A poem for the first day of Advent

I love other people’s poetry, so I hope they (dead and alive) don’t mind me quoting them for this season. Advent, as a time of waiting, seems to me a poetic season that we can choose to enter into or ignore. If you were in church today in most mainline denominations, you heard something from the gospel about “learning the lesson from the fig tree.” To me that lesson seemed to be about watching for signs of hope instead of paying attention only to how much life sucks everywhere. Yet today’s poem tells us to wait without hope…

I said to my soul, be still, and wait without hope
For hope would be hope for the wrong thing; wait without love
For love would be love of the wrong thing; there is yet faith
But the faith and the love and the hope are all in the waiting.
Wait without thought, for you are not ready for thought:
So the darkness shall be the light, and the stillness the dancing.
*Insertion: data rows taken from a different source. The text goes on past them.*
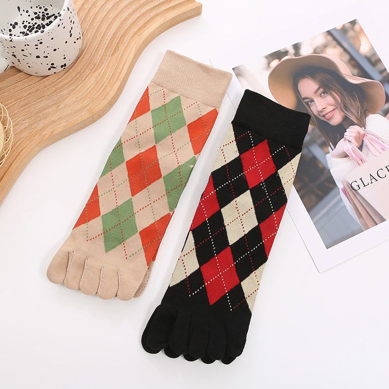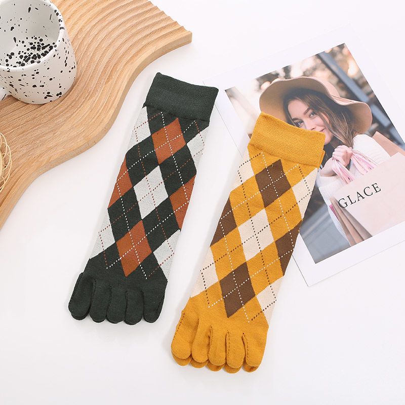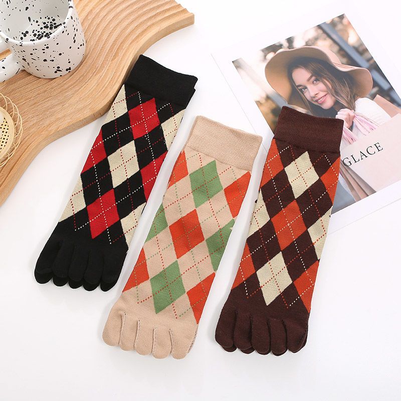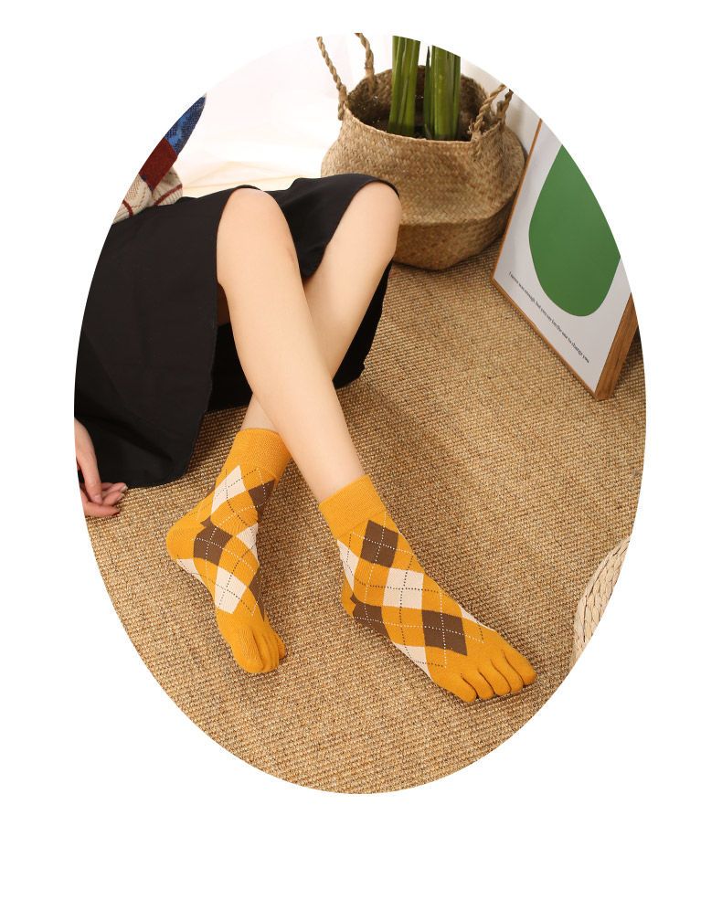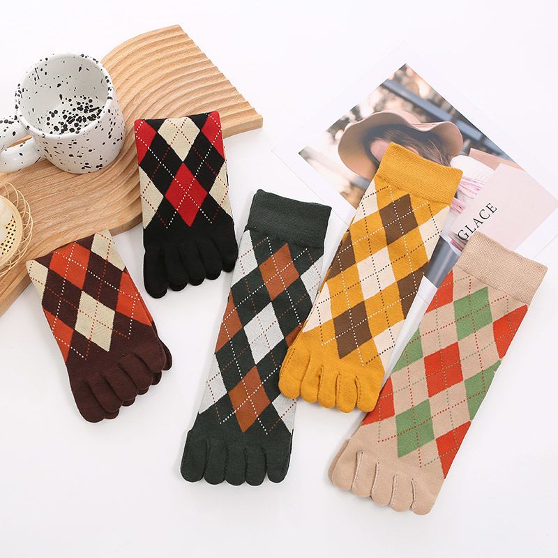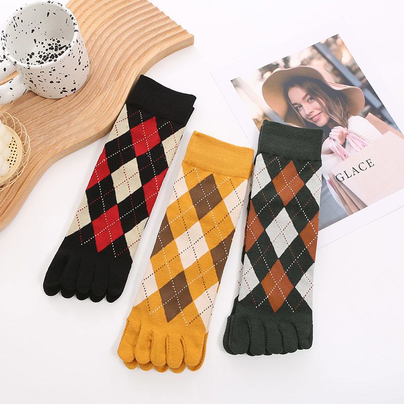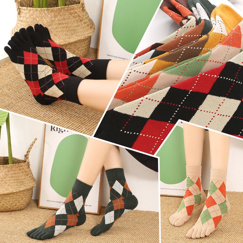 五指袜子女纯棉中筒秋冬复古爆款潮流百搭ins英伦风分趾格子袜子
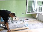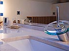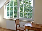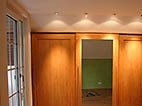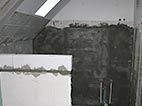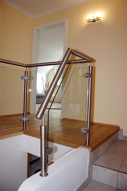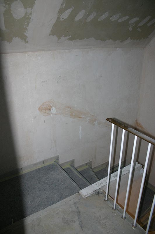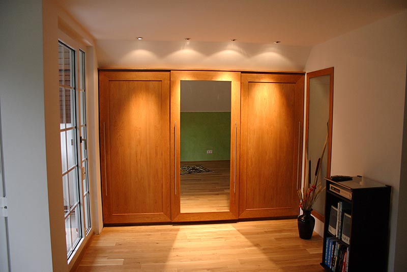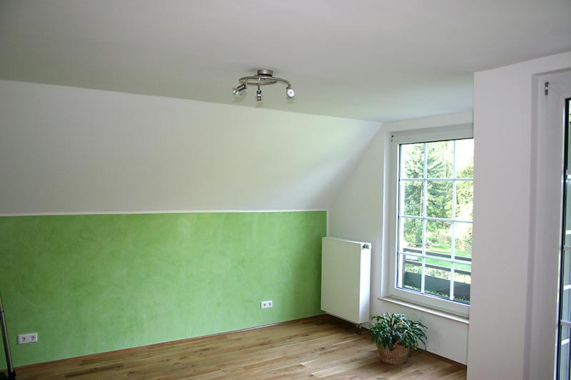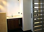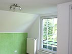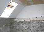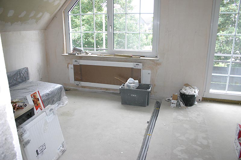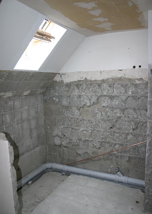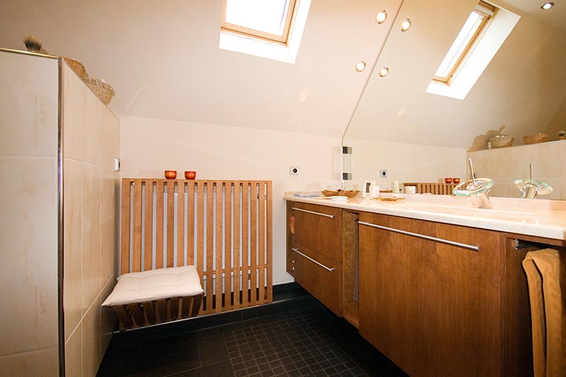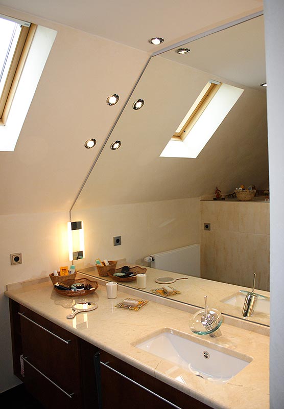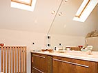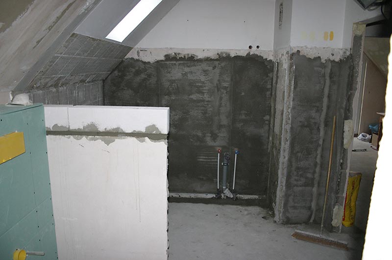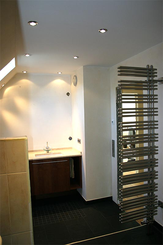 Dachgeschoss-Umbau eines Einfamilienhauses mit Badezimmervergrößerung, ebenerdige Dusche sowie begehbarer Kleiderschrank. Wandausschnitt mit satiniertem Glas vom Bad zum Ankleidezimmer. Bei diesem Projekt war insbesondere die Koordination vieler verschiedener Gewerke und die Qualitätskontrolle eine große Herausforderung.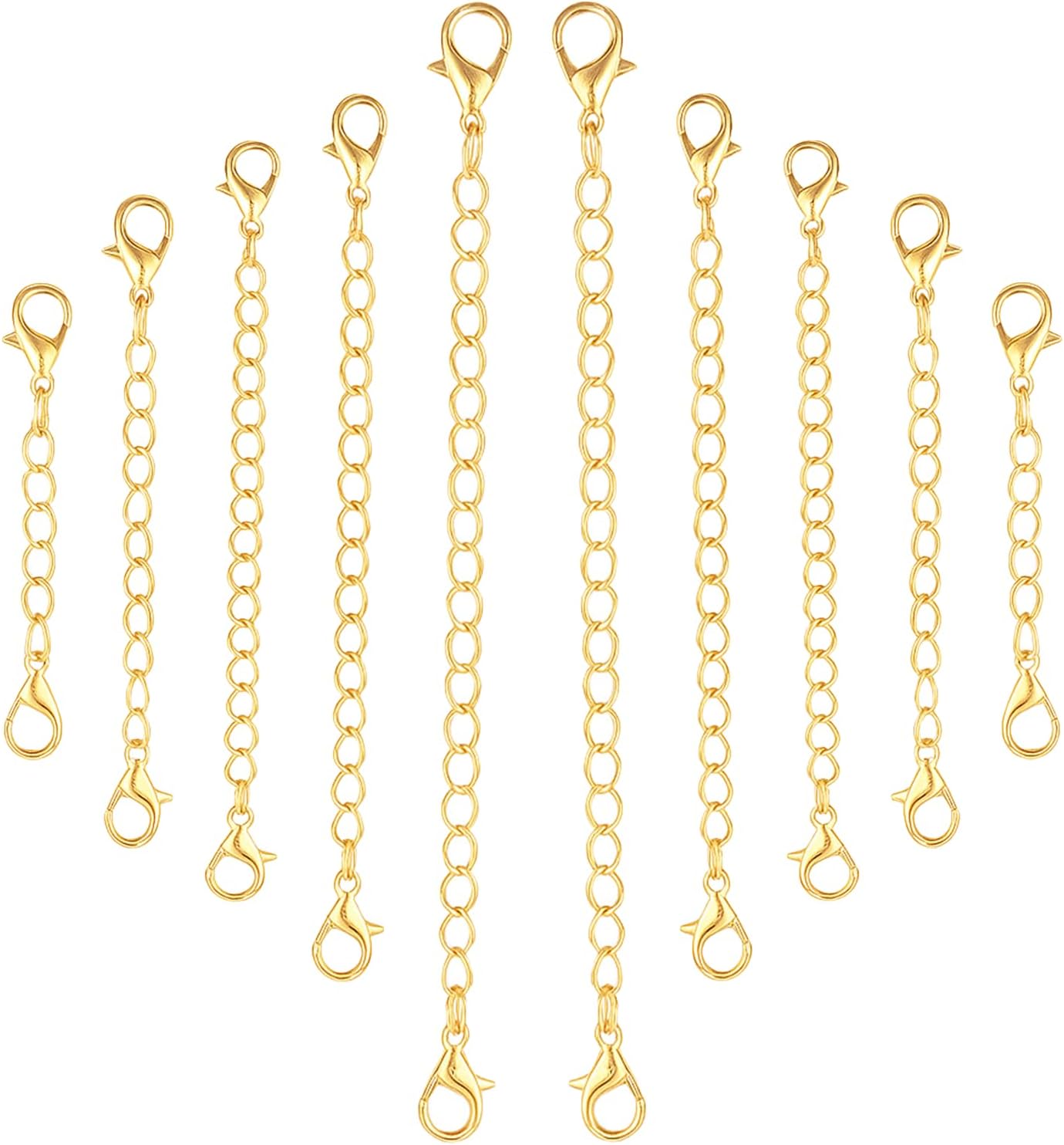 - 【Necklace Extenders】You will receive 10pcs gold necklace extender in different sizes:2",3",4",5",6",2pcs each of size.Multiple sizes to meet your different needs,perfect for necklaces,bracelets,anklets and jewelry making.

– T.S. Eliot, Exerpt from The Four Quartets, East Coker, III (which begins, “O Dark dark dark. They all go into the dark.)

If any line says advent to me, it is in that last line: So the darkness shall be the light, and the stillness the dancing. Like so many mystics before, finding a connection between the darkness we experience in Advent as we wait in faith, hope, and love…(or in the waiting we find faith, hope and love…) That darkness shall be the light. That stillness the dancing.

I am left with questions…what are the wrong things to hope for? What are the wrong things to love? What are the thoughts I am not ready for? These are mysteries I can carry through Advent, looking for illumination in the darkness.